Probably the most interesting result was #3, where the switches acted like oscillators and the whole network acted in synchrony. This never happens when switches are alone in the system! Even this behavior can be fragile, since if the oscillators’ natural frequency is too high, the switches don’t have time to react to the change and die off, like #2. In addition, if the natural frequency is too low, the switches will tend to turn on and stay on, as in #1. Hopefully you can see how this might apply to (for example) biological systems: if the metabolic parameters are at their proper values, cycles of production of proteins for cell division happen as they should, and everything is synchronized. If things are out of place, however, runaway cell division could happen (cancer) or at the other extreme, cell death could result. In computers, oscillators and switches control communication between the various parts of the system, and if all is working, everything is efficient.

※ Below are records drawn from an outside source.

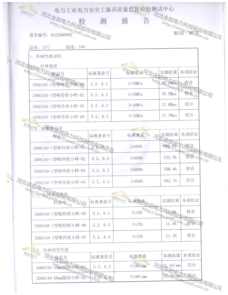 金能電力35kv絕緣手套檢測報告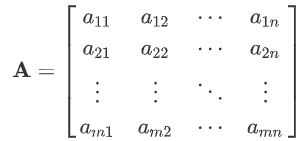 矩阵(Matrix),可以简单理解为一组向量,在代码中可以视为一个二维数组,其中的每个元素可以是标量。 在数学中,矩阵通常表示为一个矩形的数组,例如: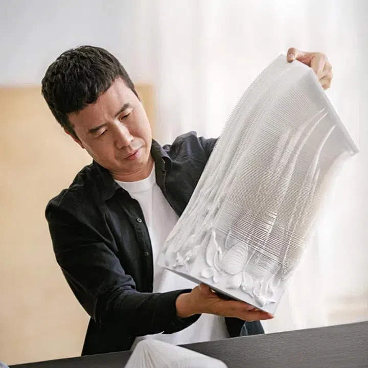 Chinese artist Li Hongbo (pictured right) worked with French luxury beauty brand Guerlain to incorporate his intricate paper sculptures in a limited edition version of the brand’s best-selling Orchidee Imperiale Black The Cream.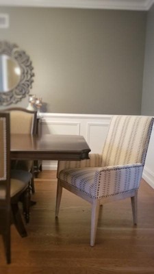 [This review was collected as part of a promotion.] I had the opportunity to feature a set of 2 Madison Park Rika Arm Dining Chairs in my newly renovated dining room. This pair of arm chairs chairs combines farmhouse style and sophistication. Some light assembly is required of the chair legs; although all tools and components are included within the package. Assembly of the pair took less than 15 minutes when completed by a single person. The Rika Arm Dining Chairs are upholstered in a neutral, tan linen fabric, and feature a simple geometric pattern in a darker shade of brown/bronze. The chair frame/legs are made of beautiful wheat wood, making this product easy to match with most any room decor. A bronze nail head trim adds elegance to this duo. I chose to place these upholstered pieces at the host ends of my dining table, amongst my existing dining chairs. I absolutely love how these exquisite dining chairs coordinate with my existing decor and break up the monotonous tone of my dining area. Overall, Madison Park Rika Arm Dining Chairs are high quality in comfort, design and feel. I have recieved several compliments from friends and family on the appeal and comfort of these arm chairs. I highly recommend this product to anyone wanting to add charm to or achieve a designer look in a dining area, kitchen or even a small entryway/nook.

I’m not claiming our theory as it stands is a perfect model for cancer or any other specific system, because it’s not. However, we’ve shown in principle that a network composed of two very different types of components can give rise to behavior not present in systems that have only switch-like or oscillator-like components. Also, Elana’s group performed some simple experiments on yeast, looking at how the cells divided under certain conditions, with and without external signals, and found that our model gives the same sorts of behaviors–without anything that looks precisely like a switch or oscillator, or even a “network” in the electrical sense.

The power of a theory often lies in how well it can cope with diverse phenomena in nature. You can easily come up with an idea that works for one particular example, but has no explanatory power or use outside that example. A hallmark of pseudoscience is the appeal to special cases: models that work only in limited applications, “just-so” stories, and so forth. If Elana’s and my model is to be truly useful, it must continue to be extended and tested against real-world data. We hope this taste has given you an idea of why we think it’s exciting and worth looking at in more detail.